Supplied information:
-----

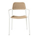Fabricada con estructura de acero lacado, esta silla garantiza durabilidad y estabilidad frente al uso diario. El asiento y respaldo de cuerda trenzada aportan comodidad, ventilación y un toque decorativo contemporáneo, además de facilitar su mantenimiento.
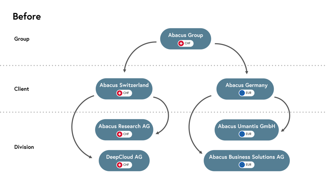 Using the Abacus Group as an example, the initial situation and the presentation of the divisions with Abacus Version 2025 can be visualised as follows:
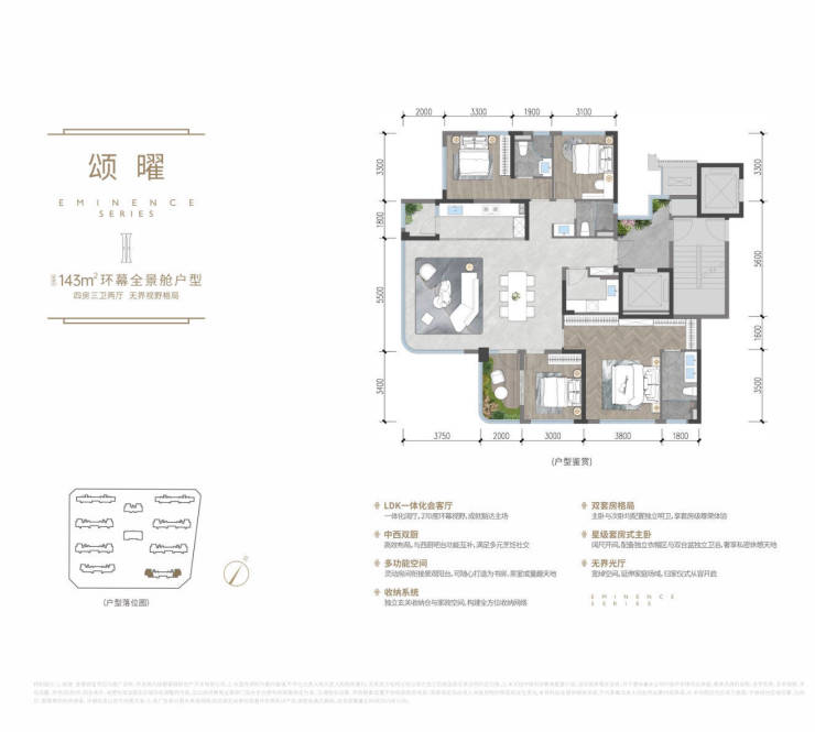 在售面积:约143 -175 -199 ㎡ 精装四房
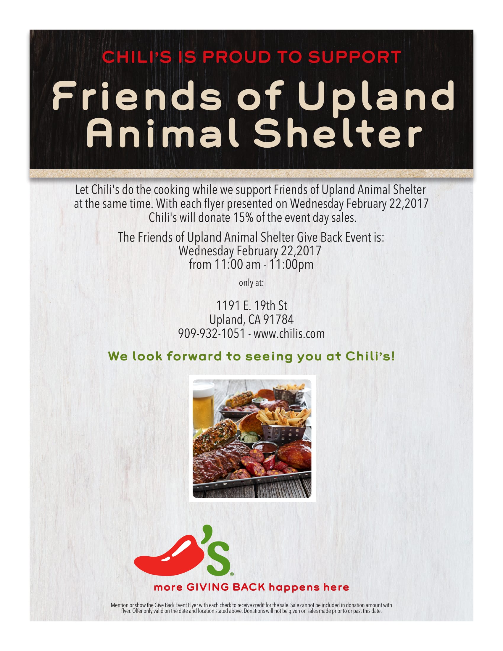 Animal Shelter Special Events. Friends of Upland Animal Shelter Friends is a 501 c3 non-profit organization that is partnered with the City of Upland to perform shelter operations and adoptions. How You Can Help.

-----

Task prompt:
From the first line to the last, retype the data exactly, without images.

Solution for this task:
Fabricada con estructura de acero lacado, esta silla garantiza durabilidad y estabilidad frente al uso diario. El asiento y respaldo de cuerda trenzada aportan comodidad, ventilación y un toque decorativo contemporáneo, además de facilitar su mantenimiento.
 Using the Abacus Group as an example, the initial situation and the presentation of the divisions with Abacus Version 2025 can be visualised as follows:
 在售面积:约143 -175 -199 ㎡ 精装四房
 Animal Shelter Special Events. Friends of Upland Animal Shelter Friends is a 501 c3 non-profit organization that is partnered with the City of Upland to perform shelter operations and adoptions. How You Can Help.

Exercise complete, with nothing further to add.